DCM - User Guide
Table of Contents
- 1. Hardware
- 2. Setup Procedure
- 3. Power Off Procedure
- 4. Bliss
This report is also available as a pdf.
id21 |
id24 |
|
|---|---|---|
| Ring | 311 | 111 |
| Hall | 111 | 311 |
1. Hardware
1.1. Interferometers
Each interferometer “box” (either Attocube or QuDIS) has 3 measurement channels. As 15 distances have to be measured, 5 interferometer “boxes” are used.
| Description | id21 |
id24 |
|---|---|---|
| Xtal 1 hall | attodcm4 |
attoid24dcm1 |
| Xtal 1 ring | attodcm1 |
attoid24dcm2 |
| Xtal 2 hall | QuDIS |
attoid24dcm3 |
| Xtal 2 ring | attodcm3 |
attonass2 |
| Metrology | attodcm5 |
attodcm2 |
1.2. PEPU
2. Setup Procedure
2.1. Turning on the Hardware
- Interferometers
- PEPU
- IcePAP
- Speedgoat
Verify that everything is working.
2.2. Turning on the Speedgoat Server
Connect to the Speedgoat server computer (see Section 1.7) and run the BLISS SPEEDGOAT SERVER program on the desktop.
A terminal window should be displayed, with the last line being:
Serving XPC speedgoat on tcp://0.0.0.0:8200
This means the server is correctly launched.
2.3. Running the Speedgoat program
2.4. First interferometer reset to be able to use mode B and C
After homing all fast jacks, perform an interferometer reset such that \(r_x = 0\), \(r_y = 0\) and \(d_z = \frac{d_{\text{off}}}{2 \cos \theta}\) (i.e. the distance between the crystals is following the theoretical value).
Then, make a LUT over the full stroke.
And verify that the feedback regulator is working over the full stroke.
2.5. Metrology Frame Deformations - Calibration
Hardware used:
- Position sensor far way from the DCM. An angular sensor may be used instead. The sensor should have high bandwidth
Using a position sensor far away from the DCM (ideally a quadrant photodiode with high measurement bandwidth).
2.6. Ensure crystal relative pose
Interferometers are only measuring relative displacement. Therefore, it is important to correctly initialize them.
They should be initialize in such a way that:
- \(r_x = 0\) and \(r_y = 0\) when the two crystallographic planes are parallel
- measured \(d_z\) is indeed equal to the distance between the crystallographic planes.
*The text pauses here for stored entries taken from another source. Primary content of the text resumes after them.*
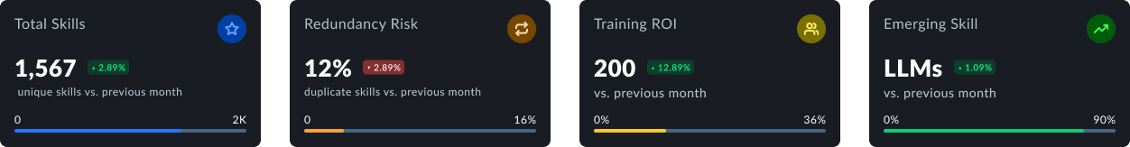 Each metric is contextualized to support workforce planning — e.g., only 7% of people had confirmed a skill, signaling potential action areas for leadership.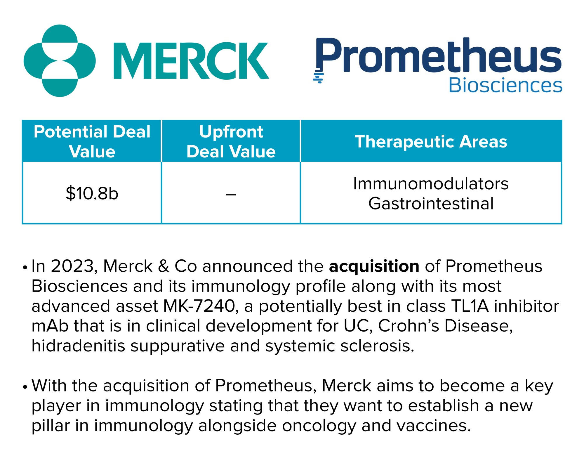 Prometheus Biosciences (acquired by Merck & Co), Sanofi, Roche, Spyre Therapeutics, Priovant Sciences, BIOCAD, Vial, Earendil Labs, Absci.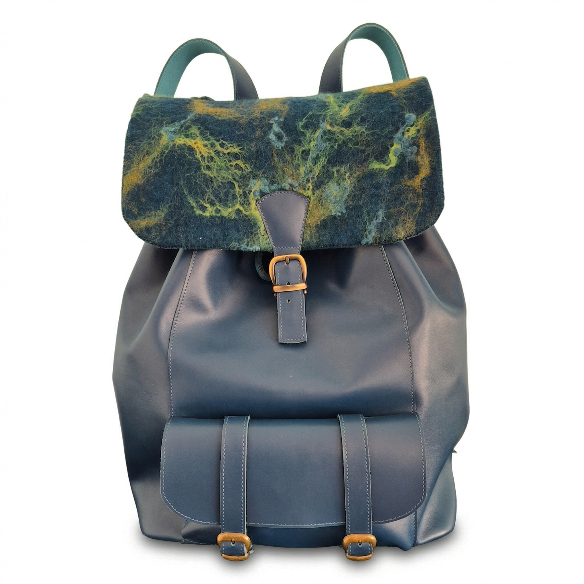 Een superhandig rugzakje van soepel leer met vetersluiting en klep. De voering heeft een zwart-wit print en is voorzien van een rits- en een insteekvak. Op het achterpand zit nog een vak met rits en aan de voorzijde een vakje wat sluit met drukkers. De draagbanden zijn verstelbaar.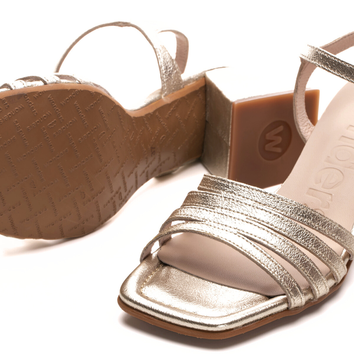 The Hanley sandal by Wonders is a go-to mid heel designed for everyday elegance, crafted in soft leather with delicate pleated-style straps, an adjustable ankle buckle, and a modern flared block heel. Finished with a cushioned Memory Gel footbed for comfort that lasts from day to night. Made with love in Spain.

The main issue is therefore to determine when the planes are parallel and to know the distance between the crystals with an external metrology.
Note that the interferometers should not be reset the same way for the two pairs of crystals as their crystallographic planes are not parallel.
All the following should be performed in mode C for better results.
2.6.1. Rocking curve to find \(y\) crystal parallelism
Perform a rocking curve to find the maximum output beam intensity. At the maximum intensity, the two crystals are parallel and the interferometers can be reset in such a way that \(r_y = 0\).
2.6.2. Bragg scan to find \(x\) crystal parallelism
Measure the rotation of the output beam along the \(z\) axis. This can be performed by using a position sensor positioned away from the DCM or using an angular metrology (lens + position sensor at the focal plane).
Perform a scan in mode C (i.e. closed loop, \(r_x \approx 0\) during the scan), and measure simultaneously the \(R_z\) motion of the output beam.
The \(r_x\) offset can be estimated from the data. This offset is then included in the interferometer data as an offset.
2.6.3. Bragg scan to find the distance between the crystals
Consider:
- \(\epsilon_{d_z}\) an error in the distance estimation between the crystals
- \(\theta\) the Bragg angle
- \(\epsilon_z(\theta)\) the vertical motion of the output
It can be shown that:
\begin{equation} \boxed{\epsilon_z(\theta) = \epsilon_{d_z} \cdot 2 \cos \theta} \end{equation}e_dz = 0.1e-3; e_dz = 1; thetas = 0:1:90; e_z = e_dz*2*cos(thetas*pi/180);
figure; plot(thetas, e_z) xlabel('Bragg Angle [deg]'); ylabel('Beam Z-offset [$\mu$m]');
The cosine function can be fitted from the data and the distance offset can be estimated.
The accuracy of the results depends on:
- how well the metrology deformations are calibrated
- How close the sensor is from the DCM and how well is the y parallelism between the crystals.
- How sensitive and accurate is the sensor
If a quadrant photodiode is used, a feedback loop may be performed between the measured \(z\) motion by the photodiode and the vertical \(z\) motion of the piezoelectric actuators. This means that:
- \(r_x\) and \(r_y\) are regulated from the interferometers
- \(d_z\) is regulated from the photodiodes
Then, by plotting the measured \(z\) motion of the crystals by the interferometers as a function of the Bragg angle, it should be possible to estimate the offset between the crystals.